After this Wheatcroft continued to back occasional drivers in Formula Atlantic and Formula Two. He funded the construction of a bespoke Wheatcroft chassis, designed by former BRM designer Mike Pilbeam, and ran 1974 British champion Brian Henton (born in Castle Donington) in selected Formula Two and Atlantic races using it. Henton's best result with the Wheatcroft 002 was third place in the Silverstone Circuit round of the European Formula Two Championship. The two maintained their relationship in 1976, but Wheatcroft's heart wasn't in it and he slowly wound down the team's activities over the year.

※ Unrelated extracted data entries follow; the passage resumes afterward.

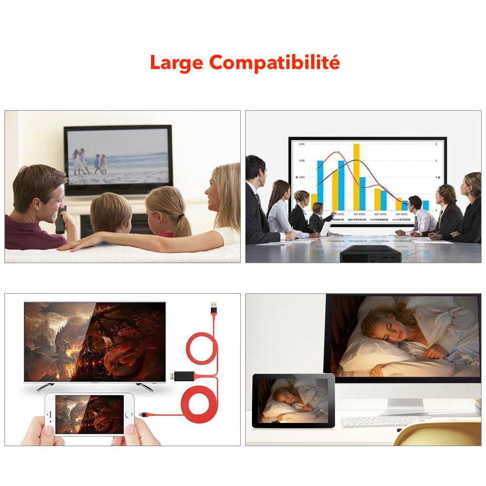 Assistance étendue : ce câble HDMI prend en charge les appels vidéo de FaceTime, Skype, WhatsApp; vidéos, images, jeux, diaporamas sur Facebook, YouTube, Instagram, Twitter, IDMB, Microsoft Office, etc.
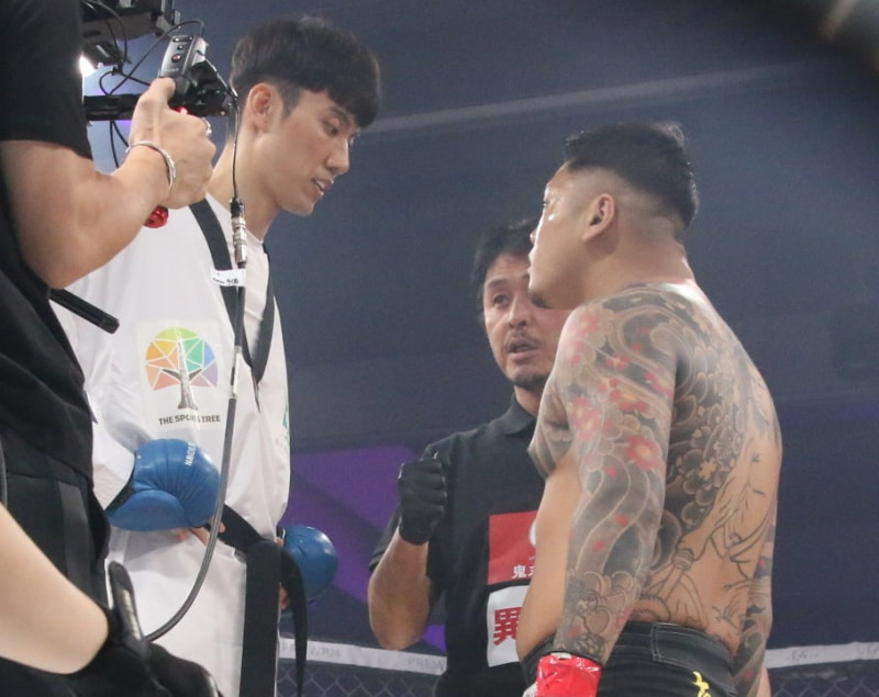 身長198cmの江畑(左)が松井を見下ろす
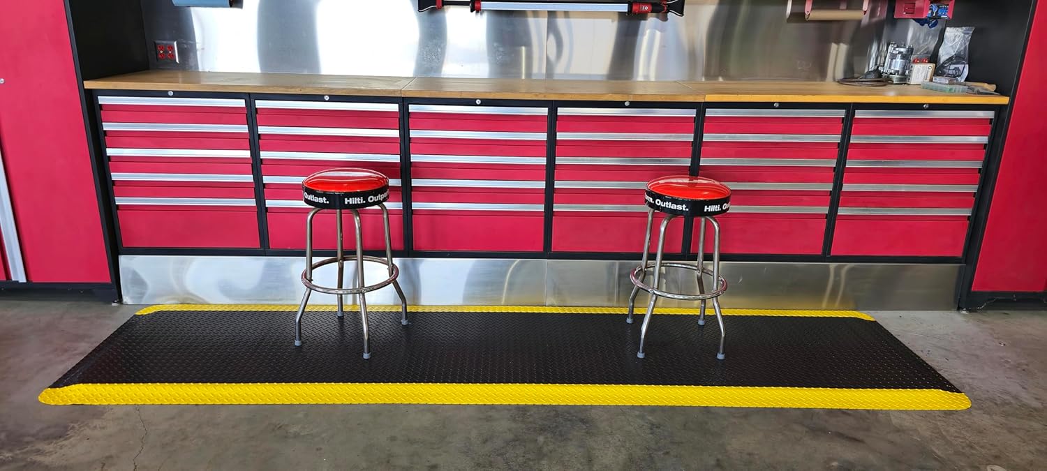 Rhino Mats, American Classic Diamond Anti-Fatigue Mats, Industrial Ergonomic Comfort Standing Mat for Work, Home, Garage, Office, Kitchen or Anywhere (Black/Yellow 1" Thick, 2 FT. x 18 FT.)

====Complete Formula One World Championship results====
(key)

Year: Chassis; Engine(s); Tyres; Drivers; 1; 2; 3; 4; 5; 6; 7; 8; 9; 10; 11; 12; 13
1970: Brabham BT26A; Ford Cosworth DFV 3.0 V8; G; RSA; ESP; MON; BEL; NED; FRA; GBR; GER; AUT; ITA; CAN; USA; MEX
UK Derek Bell: Ret

===Donington Park===
In 1971 Wheatcroft bought a large part of the Donington Hall estate, including the remnants of the pre-war racing circuit, for £100,000. The park had been used as a military supply depot during World War II and the circuit was derelict. At his own cost, he rebuilt the circuit over the following six years into Donington Park racetrack. One of his first moves was to move his car collection to the estate. Formerly known as the Donington Grand Prix Exhibition, it was at the time the largest collection of motor racing cars in the world. Racing finally returned to the Donington circuit in 1977, after a hiatus of almost 30 years.

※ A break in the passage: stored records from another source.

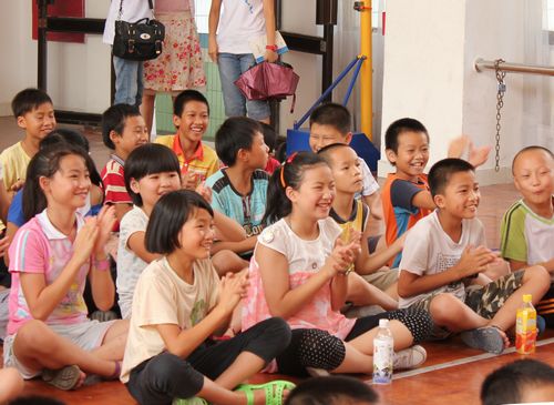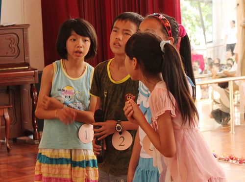 本网讯 7月23日下午两点半,Circle Team策划举办的“英语风采大赛”决赛在申明亭学校的礼堂拉开帷幕。我校校团委副书记陈兵、商英学院党委书记车小真、商英学院副院长郭桂航、商英学院党委副书记张林茂、团委书记谭秋云、07级辅导员黄汐、10级辅导员连勇以及申明亭副校长张为莅临本次大赛。评委则由申明亭的黄坚莉老师以及Circle Team的队员卢悦、杨明媚、苏渝斐组成。经过三轮激烈的角逐,来自三年级A班的Gardenia队、四年级A班的Leaf Clover队和五年级A班的Flame Lily队脱颖而出,荣获“风采之队”的称号。比赛中途,郭副院长向申明亭学校赠送了书籍,帮助孩子们开拓视野,受到孩子们的热烈欢迎。
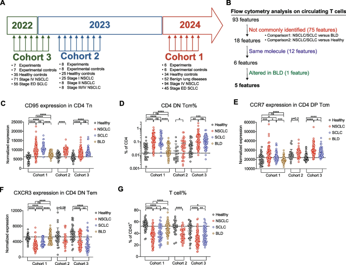 实验目的是建立包含不同疾病状态的大样本队列,同时构建标准化的流式细胞术分析体系以降低实验变异。方法细节:回顾性收集452例外周血单个核细胞(PBMC)样本,分为206例NSCLC患者、100例SCLC患者、94例健康对照、52例良性肺部疾病(BLD)患者,设置3个独立队列用于特征发现和验证;采用10种表型标志物鉴定18种T细胞亚群,通过同一供体的PBMC分装样本作为实验内对照,确保T细胞亚群门控和分子表达分析的一致性。结果解读:通过标准化实验流程,消除了不同批次实验的变异,为后续特征筛选提供了可靠的基础数据。实验所用关键产品:文献未提及具体实验产品,领域常规使用流式细胞术抗体试剂盒、PBMC分离液、流式细胞分析仪等试剂/仪器。
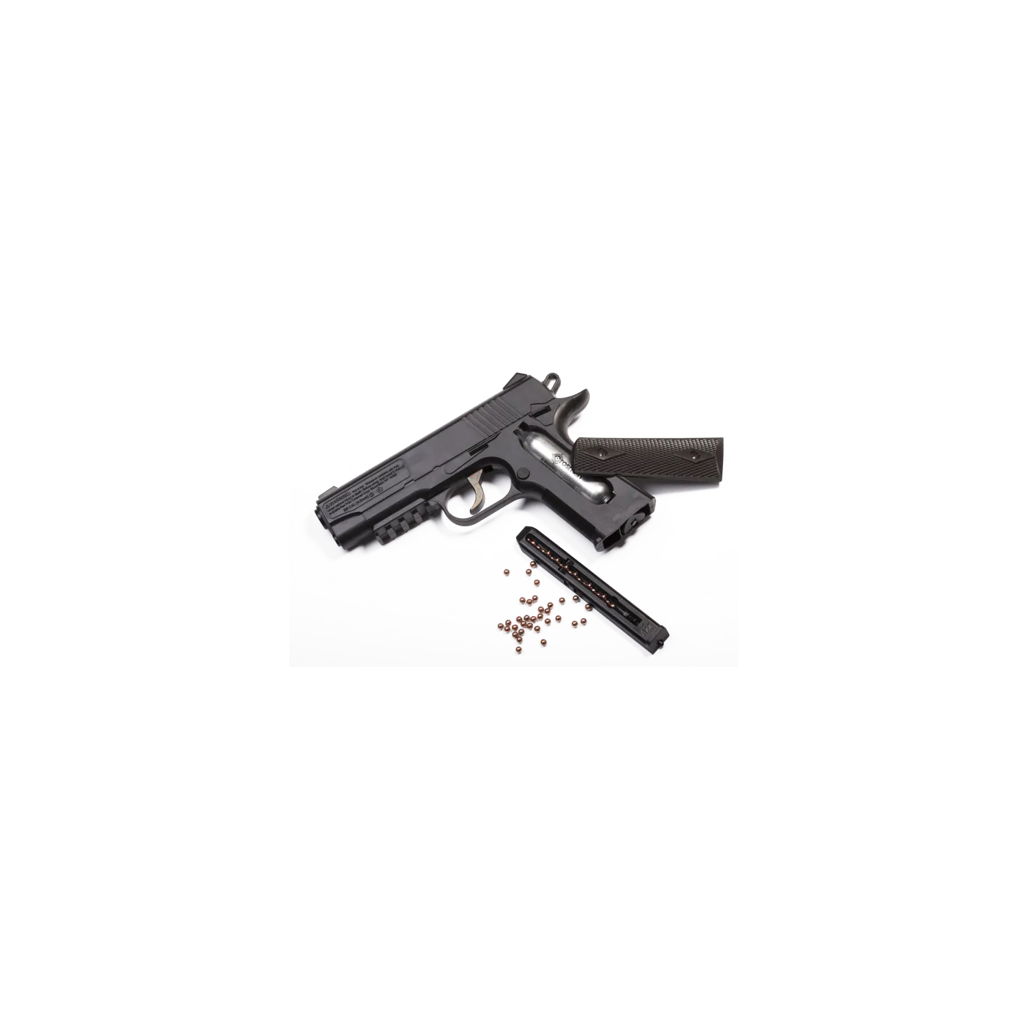 The 1911B CO2 Air Pistol is a faithful replica of the iconic 1911, offering a realistic shooting experience without the high cost or strict regulations of a firearm. This air pistol is powered by a CO2 cartridge, delivering consistent performance and a powerful blowback action that mimics the recoil of a real firearm.
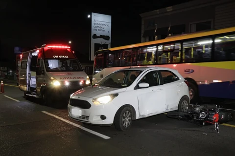 Informações levantadas no local indicam que o veículo saía do estacionamento de uma loja de móveis e que o condutor não viu o motociclista, que seguia pela Avenida Monteiro Lobato, sentido Centro. O Ford Ka seguiria no sentido bairro e foi atingido na lateral.
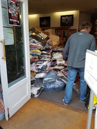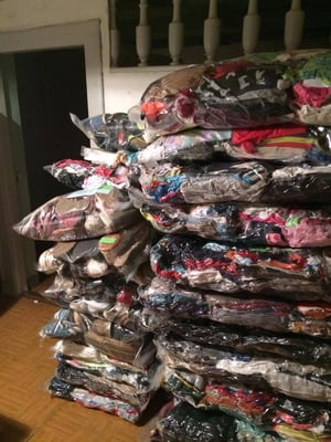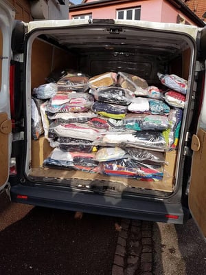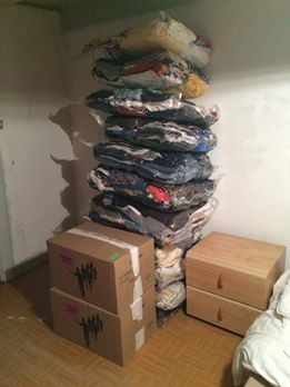 Le résultat est impressionnant :575 kg de vêtements dans 58 colis dont un maximum de housses vides d'air pour diminuer le volume.
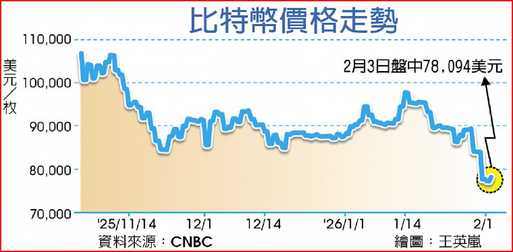 全球第一大加密通貨比特幣3日盤中挫低0.07%至78,094美元。數據供應商CoinGlass最新資料顯示,近日超過42萬名加密貨幣投資人遭清算,總損失金額達25.61億美元。
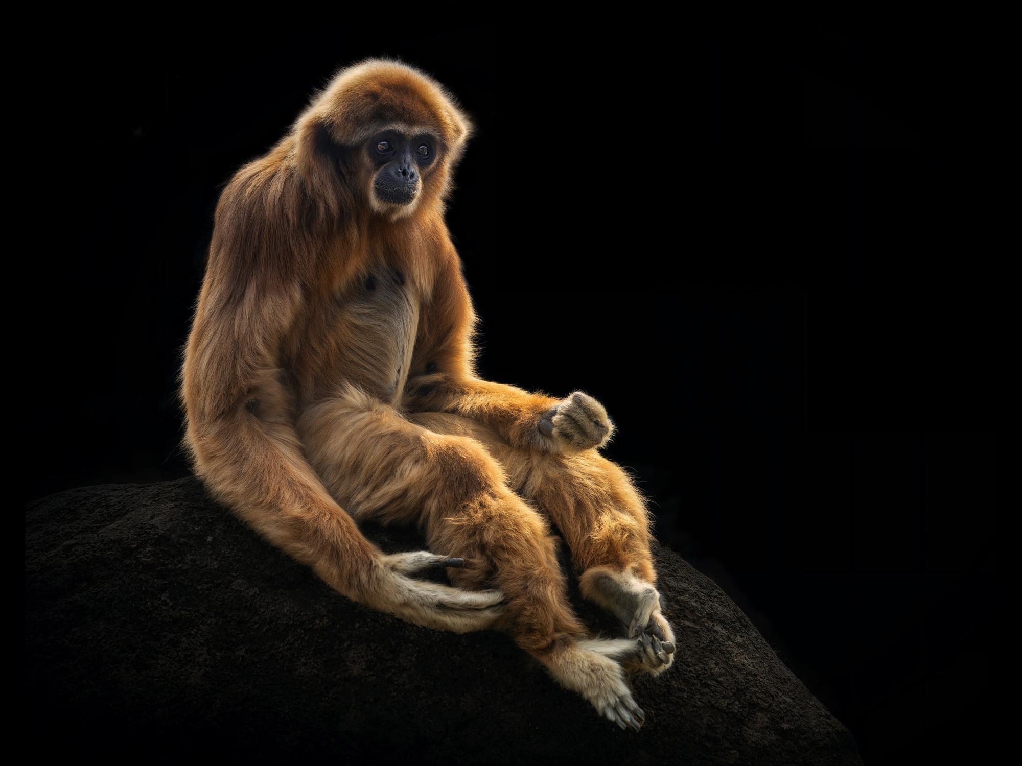 这只长臂猿目光专注,静静地坐着沉思。它专注的表情透露出其深邃的智慧,以及这种迷人的灵长类动物所特有的好奇心。

Over the next decade and a half Wheatcroft campaigned tirelessly to hold a Formula One World Championship Grand Prix at Donington. In 1983 he was given a provisional date for the 1988 Formula One season, but when the calendar for that year came to be finalised the RAC Motor Sports Association changed their mind and decided to stage the British Grand Prix at Silverstone instead. At the same time Wheatcroft even explored the potential for holding an Irish Grand Prix at Donington, but this too was vetoed by the RAC MSA.

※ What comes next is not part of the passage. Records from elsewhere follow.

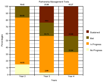 The combined results show a substantial decrease each year in the "no-progress" rating with increases in the "sustained" rating. The partnership has been able to clearly define their roles and responsibilities in order to make hard decisions when needed. The partnership has been able to support the work of all PRISM partners sharing progress on PRISM goals periodically to the Georgia Department of Education and University System of Georgia, as well through regional and local entities. Partners continue to experiment with ways to redirect non-NSF resources towards PRISM efforts and goals.
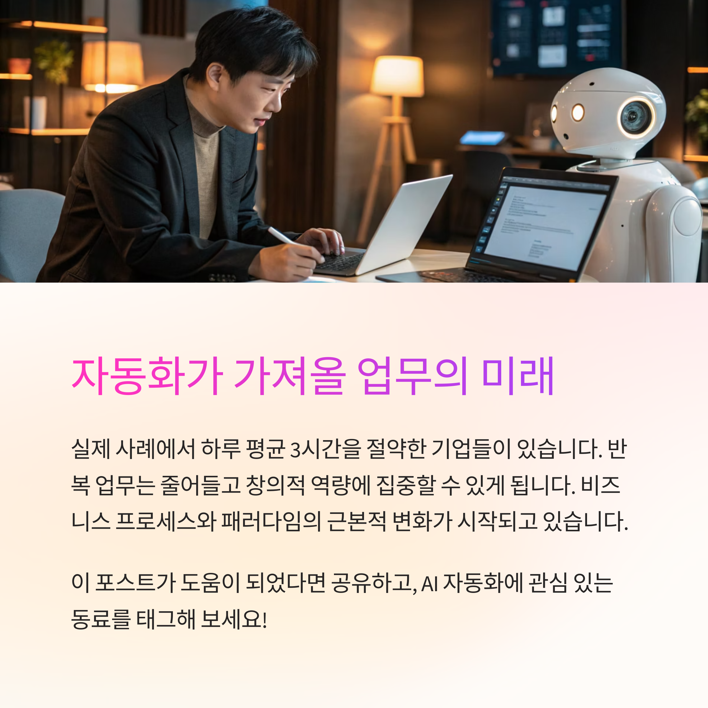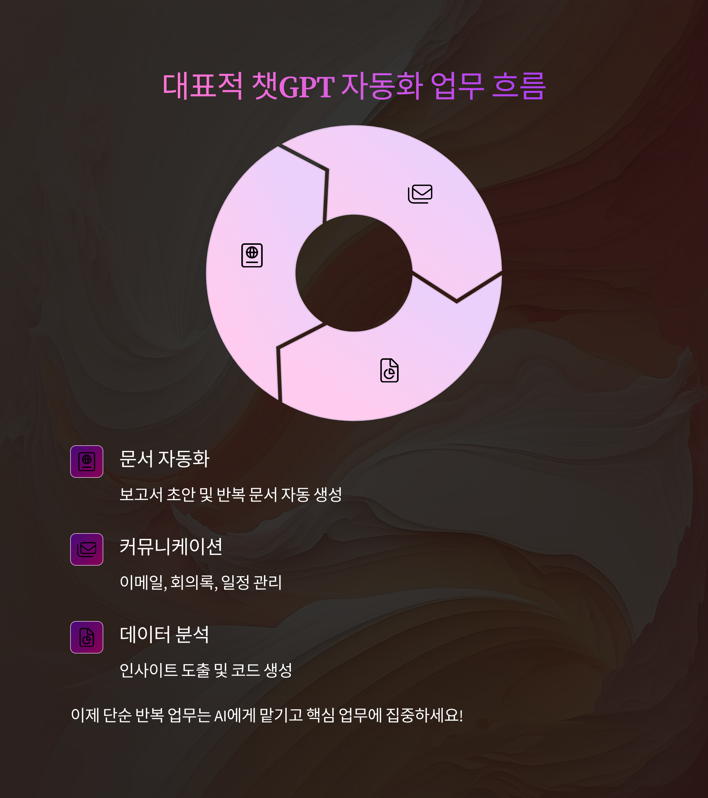 챗GPT 기반 자동화는 단순히 시간을 줄이는 것을 넘어 ‘일하는 방식’ 자체를 변화시키고 있습니다.
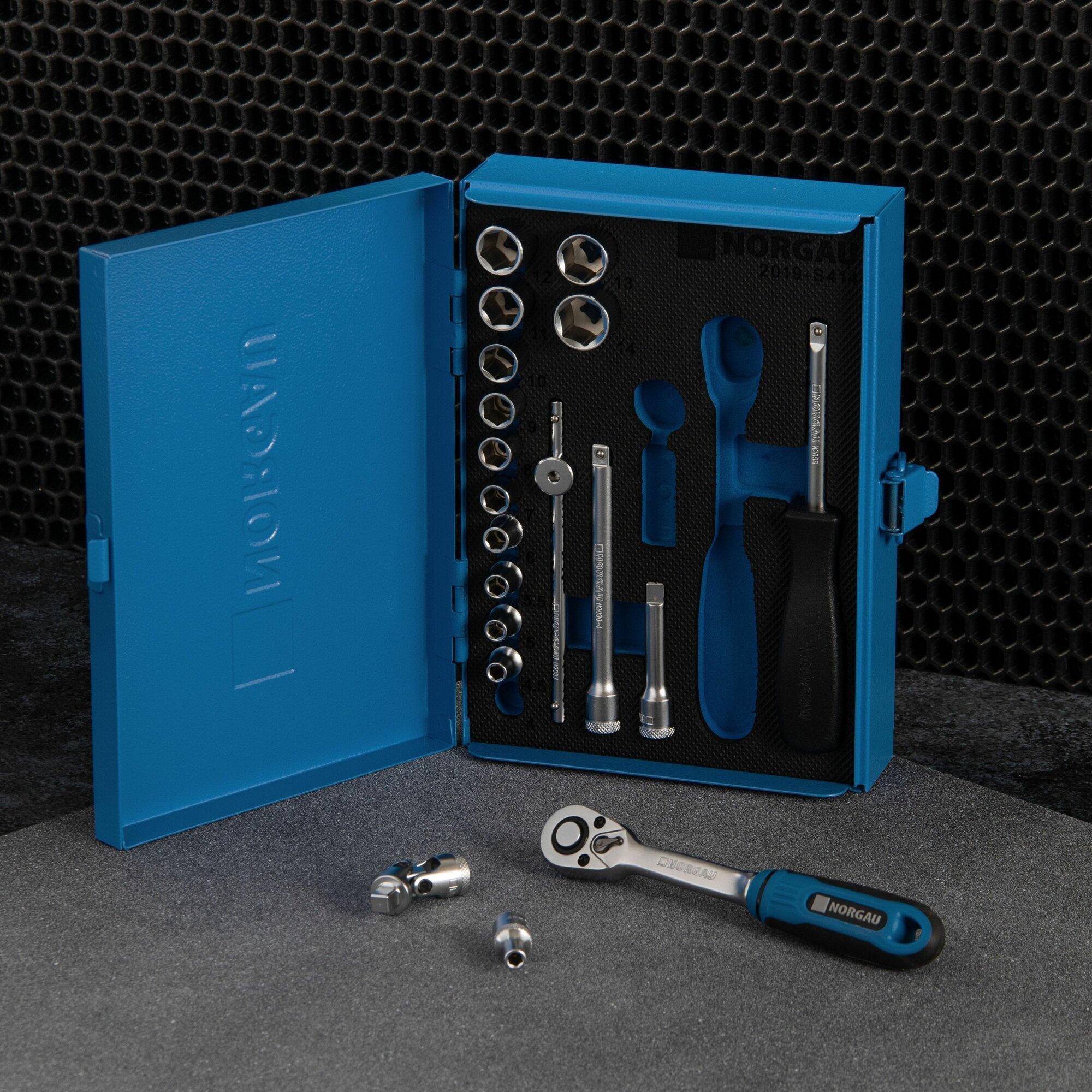 Набор шестигранных торцевых головок NORGAU Industrial (4 - 14 мм) под квадрат 1/4” с трещоткой, 19 предметов в ящике

Finally, in 1993 the European Grand Prix was scheduled to be held at Donington Park. Prior to the race, despite having suffered his third heart attack only the previous week, Wheatcroft himself took the wheel of his own pre-war Mercedes-Benz W154 Grand Prix car for a demonstration run. He spun the car. The 1993 European Grand Prix was held in very wet conditions, but produced a memorable drive from Ayrton Senna. However, having lost money on the event Wheatcroft decided not to pursue a follow-up race the next year.

In 2007, Wheatcroft agreed a 150-year lease of the land on which the circuit and museum are located to Donington Ventures Leisure Ltd., which with his support subsequently won a 10-year agreement from Formula One organisers to host the British Grand Prix from July 2010. However, the project ran out of money and Donington Ventures Leisure Ltd. went out of business.

Tom Wheatcroft died, aged 87, on 31 October 2009 at his home in Arnesby, after a long illness. Wheatcroft's son, Kevin Wheatcroft has followed in his father's footsteps as a collector, establishing The Wheatcroft Collection of military vehicles in Leicester.